Gold Coast City Council is carrying more open housing files right now than at any point since the 2018 Commonwealth Games construction rush. By September, councillors must vote on revised dwelling-density overlays for the Coomera Town Centre precinct, finalise short-term rental registration rules that have been in draft since February, and respond to the state government's updated South East Queensland Regional Plan targets that assign the city roughly 120,000 additional dwellings by 2046. Get even one of those calls wrong, planners warn, and the Olympic infrastructure at Coomera Arena and Robina Stadium becomes a catalyst for exactly the kind of investor-led gentrification that has already pushed median rents in Broadbeach to $950 a week for a two-bedroom unit.
The timing is unusually compressed. Brisbane 2032 is six years away, close enough that private developers are already lodging applications along the Coomera connector, yet far enough that a bad zoning decision made this year locks in outcomes for a generation. Meanwhile, national property data released this week shows buyer demand softening across most capital cities — but the Gold Coast's tourist-belt suburbs are bucking that trend, driven by owner-occupiers and interstate retirees rather than the first-home buyers who are retreating almost everywhere else in Queensland.

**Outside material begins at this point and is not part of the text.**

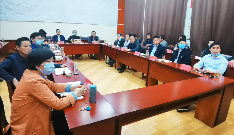 图为5月13日上午,党委中心组学习会上,与会者一起认真学习集团党委最近印发的“巡察监督重点清单”的主要内容
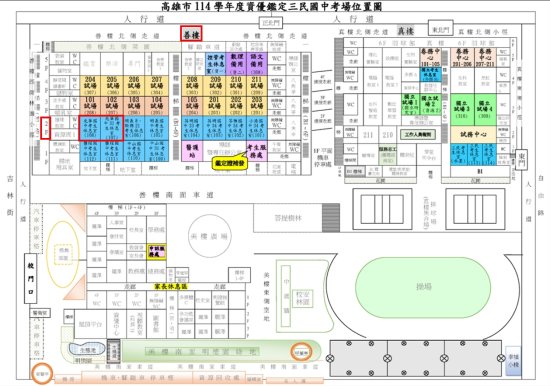 (ㄧ) 5/22 (四)下午 3 點將在三民國中網站公告「鑑定試場位置圖」及「試場分配表」,不開放現場看考場服務。

The Coomera corridor and what gets built there
The most consequential single planning instrument on the table is the proposed Coomera Economic Cluster amendment to the Gold Coast Planning Scheme. If passed in its current form, it would allow towers of up to 30 storeys within 400 metres of Coomera train station — a significant leap from the current 15-storey limit — and would designate a 47-hectare strip between Foxwell Road and the Pacific Motorway as a mixed-use priority development area. Property economists at Urbis flagged in a March 2026 assessment that the amendment could unlock more than 8,000 additional dwellings, but only if council simultaneously mandates affordable housing contributions at 15 percent of yield, something the current draft does not do.
Down the light rail spine, Robina is already feeling the pressure. The Stage 4 light rail extension — running from Burleigh Heads to Coolangatta — is now confirmed to begin construction in 2027, and land within 500 metres of its proposed stops at Varsity Lakes and Burleigh Heads has jumped roughly 22 percent in assessed value since the route was gazetted in November 2025, according to Queensland Valuation data. That appreciation is welcome news for existing owners and catastrophic arithmetic for renters. The Burleigh Heads suburb median house price crossed $1.9 million in the March 2026 quarter.
Short-stay rules and the council vote in August
Council's August 19 meeting is being watched closely by both the short-term rental industry and community housing advocates. The proposed Short-Term Rental Accommodation Local Law, drafted after sustained pressure from permanent residents in Surfers Paradise and Main Beach, would require all Airbnb-style operators to register with council by January 2027, pay an annual levy of between $750 and $2,200 depending on property type, and cap non-hosted listings in identified residential amenity precincts at 90 nights per year. The Gold Coast Short Term Rental Alliance, which represents about 3,400 hosts, has told council the 90-night cap alone would effectively remove around 1,100 properties from the platform, collapsing supply just as the city needs visitor accommodation for 2032.
Those 1,100 properties won't automatically become long-term rentals, though. Research by RMIT's Centre for Urban Research published in May found that comparable night-cap policies in Hobart converted only about 40 percent of delisted short-stay properties into the private rental market; the rest were either held vacant or sold. Council officers are expected to recommend a modified 120-night cap as a compromise position before August 19.
For residents watching from the sidelines, the practical advice is straightforward: the August council meeting agenda will be publicly available at least five days prior under Queensland's Local Government Act 2009, and submissions can be lodged via Council's Your City, Your Say portal. The Coomera density amendment has a formal public notification window closing July 28. Both decisions will be made with or without community input — but the record shows council has amended major planning instruments in response to submission volumes before.